*What you are asked to do*
Print the data exactly. Omit the pictures.

*Available data*

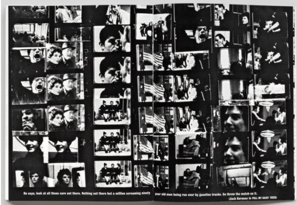
Εικόνα 30 Robert Frank, book: Lines of My Hand.

Η επιλογή παρουσίασης της δουλειάς μου ήταν το Photobook. Με αυτόν τον τρόπο μπορώ να παρουσιάσω τις εικόνες σαν να βλέπει κανείς οικογενειακό άλμπουμ, γυρνώντας τις σελίδες μια προς μια. Τα δίπτυχα που έχω επιλέξει από κάθε λήψη να δείξω, αποκαλύπτουν μία πιο γενική εικόνα
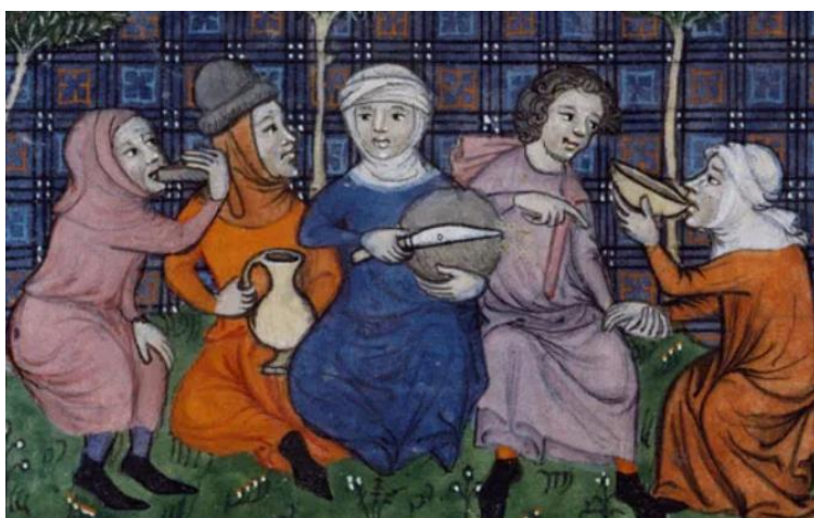
Exposition "A table au Moyen-Age" - Le partage du pain, aliment essentiel du repas paysan • Crédits : Guillaume de Machaut, Oeuvres , Paris du XIVe, Paris BnF - Tour Jean Sans Peur 20

Tu vas imaginer le dialogue entre deux personnages de cette image.
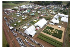
Agrobrásilia Brasília - DF
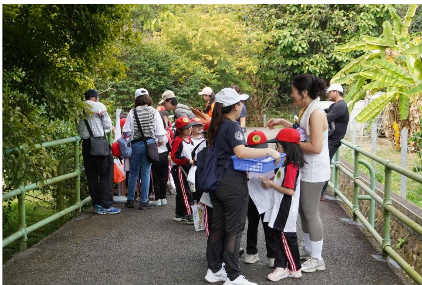
照片說明：校慶健行定向活動－水土保持定向融入防災教育

*Result*
Εικόνα 30 Robert Frank, book: Lines of My Hand.

Η επιλογή παρουσίασης της δουλειάς μου ήταν το Photobook. Με αυτόν τον τρόπο μπορώ να παρουσιάσω τις εικόνες σαν να βλέπει κανείς οικογενειακό άλμπουμ, γυρνώντας τις σελίδες μια προς μια. Τα δίπτυχα που έχω επιλέξει από κάθε λήψη να δείξω, αποκαλύπτουν μία πιο γενική εικόνα
Exposition "A table au Moyen-Age" - Le partage du pain, aliment essentiel du repas paysan • Crédits : Guillaume de Machaut, Oeuvres , Paris du XIVe, Paris BnF - Tour Jean Sans Peur 20

Tu vas imaginer le dialogue entre deux personnages de cette image.
Agrobrásilia Brasília - DF
照片說明：校慶健行定向活動－水土保持定向融入防災教育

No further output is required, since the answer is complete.